Dayanağı olmayan bu fikirlerin üstesinden gelmek için, kitaplarda tanımlanan çözümlerin


ardındaki süreçleri daha fazla araştırmaya karar verdim. Daha sonra her bir sürecin nasıl
meydana geldiğini, hangi güçlüklerle karşılaşıldığını, bunların üstesinden nasıl geldiklerini,
hangi fikirlerin geride bırakıldığını bana anlatacak birçok röportaj gerçekleştirmeye karar
verdim.

Röportaj yapılan insanların bazıları bana kendi deneyimlerini anlattı, böylece okuyucu
açısından bilgi kolay ve ilginç kılındı. Başkaları bu yolu izlerken karşılaştıkları güçlükler ve
dersler hakkında konuştu. Bu fikirler sayesinde tarımsal sorunlar ve bu insanların günün
şartlarında katılımcı bir dünya yaratma çabalarında karşılaştıkları güçlükler hakkında epey şey
öğrendim. Ancak her şeyden önemlisi, Küba’da yöneticisi olduğum Latin Amerika Halkları
Bellek Araştırma Merkezi’nde (MEPLA) kullandığımız yöntemin öneminden giderek emin
oldum. Eğer toplumsal hareketler ve sol hakkında bir şey öğrenmek istersek, sadece yazılı
belgelere başvuramayız. Bu belgeler düşüncelerin hiç tarihi yokmuş gibi onları taşa
çevirmeye ve onların bir projeden başka bir şey olmadığı gerçeğiyle harmanlamaya
eğilimlidir. Olayların daha iyi idrak edilmesinin tek yolu olarak, izlenen yolları yeniden inşa
etmeye çalışmamız gerektiğine inanıyorum. Projelerini bilmeli, bunların hangi kısmının
gerçekleştirildiğini, ve diğer kısmının neden gerçekleştirilmediğini bilmeliyiz; bu projeleri
uygularken ortaya çıkan çarpıklıkları ve yol boyunca öne sürülen yeni fikirleri
tanımlamalıyız. İnsanların eğitimine –başka bir deyişle, başka insanların bu deneyimden ders
çıkarabilmesi ve böylece aynı hatalardan ve çarpıklıklardan kaçınabilmesinin- katkıda
bulunabilmemizin tek yolunun bundan sonra olduğuna inanıyorum. İçinde geliştikleri farklı
gerçeklere göre kendi karakterlerini kazanan bahsettiğimiz süreçler fikri üzerinde daha fazla
durmak için, ilk kamp kurdukları günden bugüne kadar, iki yerleşimin “yaşam çizgisi” olarak
tanımlayabileceğimiz bu iki tanıklığı birleştirmeye karar verdim. Amacımızı başarıp
başarmadığımız okuyucuya bağlı olacaktır.

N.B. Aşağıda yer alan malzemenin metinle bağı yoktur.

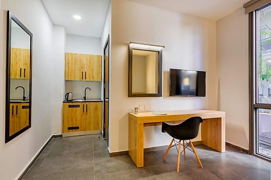 Offering free toiletries, this double room includes a private bathroom with a shower, a hairdryer and slippers. The fully equipped kitchenette features a refrigerator, kitchenware and a microwave. The spacious air-conditioned double room offers a flat-screen TV with satellite channels, soundproof walls, a tea and coffee maker, a seating area as well as garden views.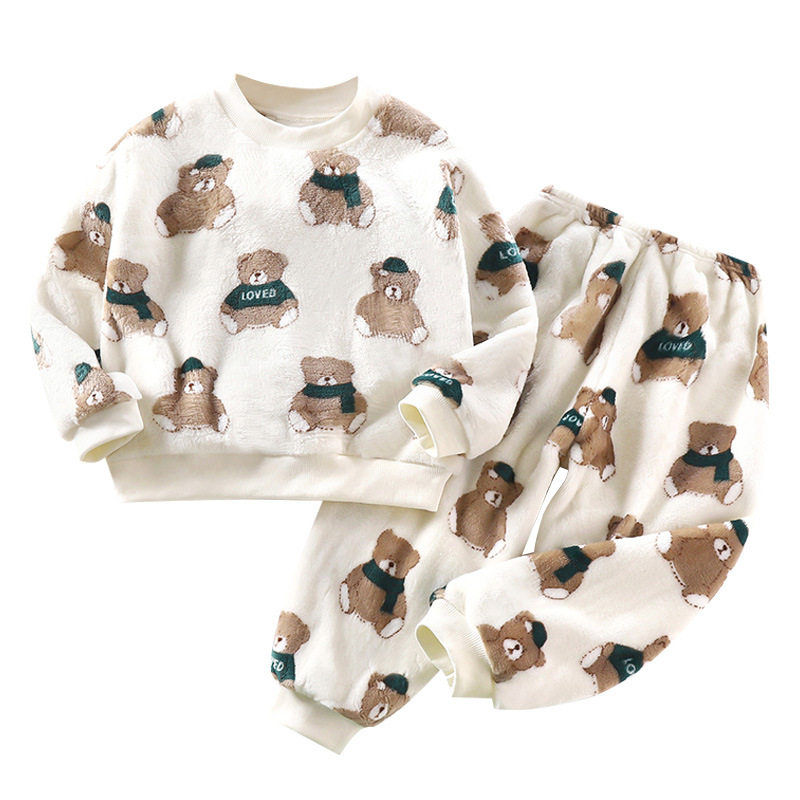 儿童法兰绒睡衣套装韩版男女童加绒加厚家居服中大童保暖内衣套装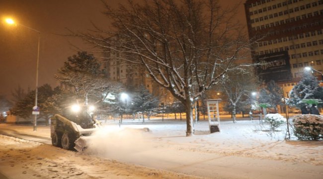 Kayseri Kocasinan'da yolların kapanmaması için çalışmalarını aralıksız sürdüren belediye ekipleri, sorumluluk bölgelerinde 24 saat esasına göre çalışıyor.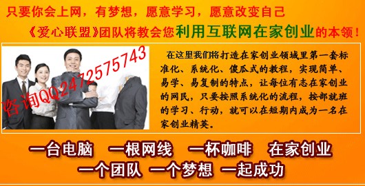 最新網(wǎng)絡(luò)兼職!不收任何費(fèi)用!時(shí)間自由!工資立結(jié)!期待有識(shí)之士相聚愛心聯(lián)盟團(tuán)隊(duì),共創(chuàng)財(cái)富奇跡!【愛心互助聯(lián)盟】愛心聯(lián)盟操作平臺(tái)是一家以誠(chéng)信為基礎(chǔ),以制度為導(dǎo)航,以公平為準(zhǔn)則,以平等為前提的網(wǎng)絡(luò)投資機(jī)構(gòu)。利用現(xiàn)代化網(wǎng)絡(luò)工具,運(yùn)用資本運(yùn)作模式和操作技巧,只需要200元來(lái)啟動(dòng)的好項(xiàng)目招募中!qq2472575743真心祝愿讓美麗的鮮花,鋪滿我們前進(jìn)的道路!讓燦爛的陽(yáng)光普照我們多彩的人生!愛心互助聯(lián)盟的核心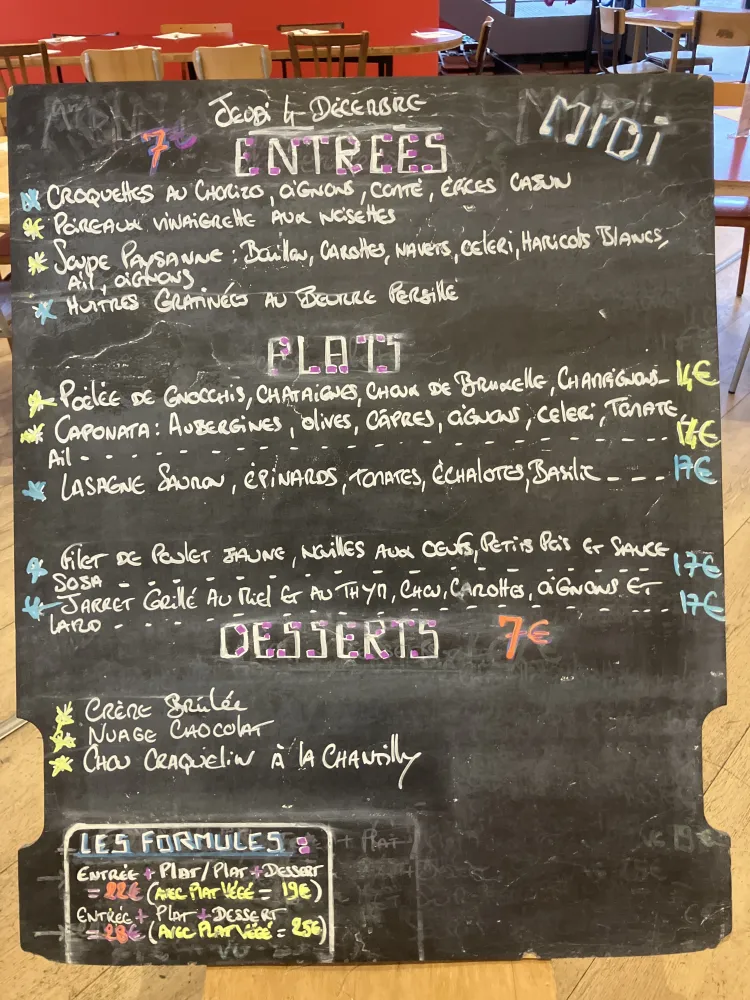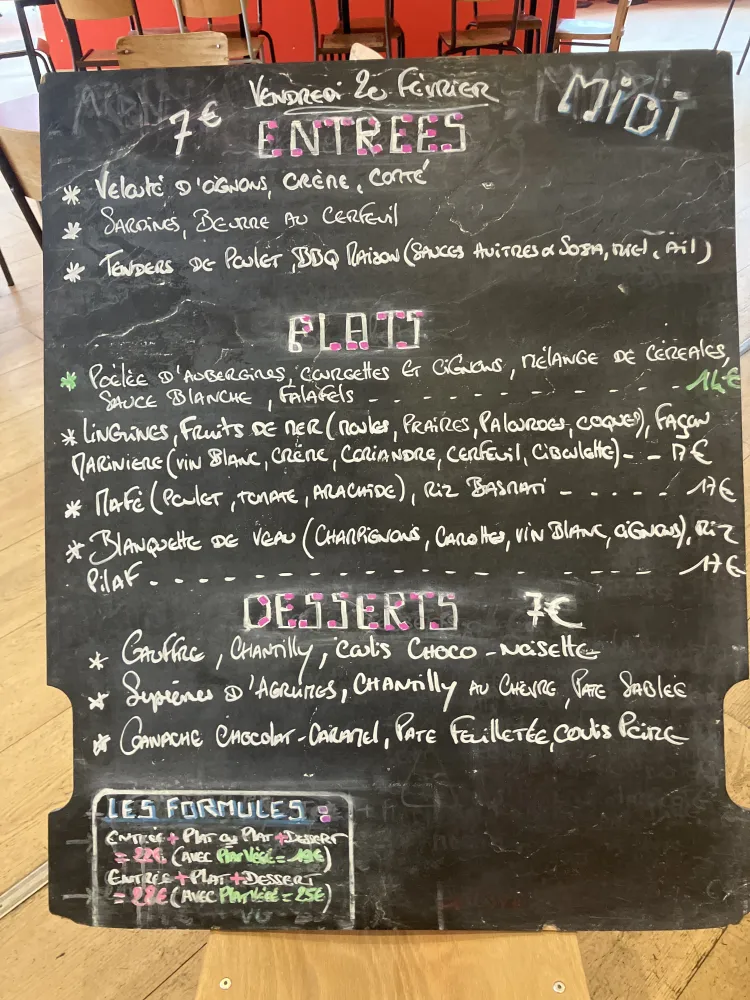 Côté restauration, des produits frais, une cuisine à l'ardoise, un plat végétarien par jour. Côté bar, des bières Demory brassées à Bobigny, les boissons artisanales et bios UMÀ provenant de Pantin, et une sélection de vins bios.

Kitabın daha çok Güney Brezilya’nın deneyimlerine vurgu yaptığının farkında olduğumu
açıklamak isterim. Bu söz konusu bölgeyi tercih ettiğim anlamına gelmez, bu daha çok
objektif bir gerçekten ötürüdür: burası MST’nin muazzam gelişim kaydettiği yerdir ve her
nasılsa bu deneyimler ülkenin diğer bölgeleri için bir başvuru noktası oldu. Arjantinli-
Paraguaylı genç bir araştırmacı olan Natalia Alvarez, bu kitap için sıkı bir işbirlikçi yaptı; ve
Brezilyalı araştırmacı Maria Almeida röportajları kaydetti ve benim Brezilya’da temel
dayanağım oldu. Ayrıca görüşleri ve önerileri için, kamplardan ulusal düzeye MST üyelerine
ve destekleri için MEPLA çalışma takımının hepsine, özellikle bu kitabın son baskısından
sorumlu olan Carlos Garcia Pleyan ve Berta Menendez’e teşekkür etmek isterim.

Marta Harnecker

Havana, 4 Ocak 2002

NOTLAR:
1
Hükümetin köylü varlığını desteklediği zirai hudutlardaki yerler.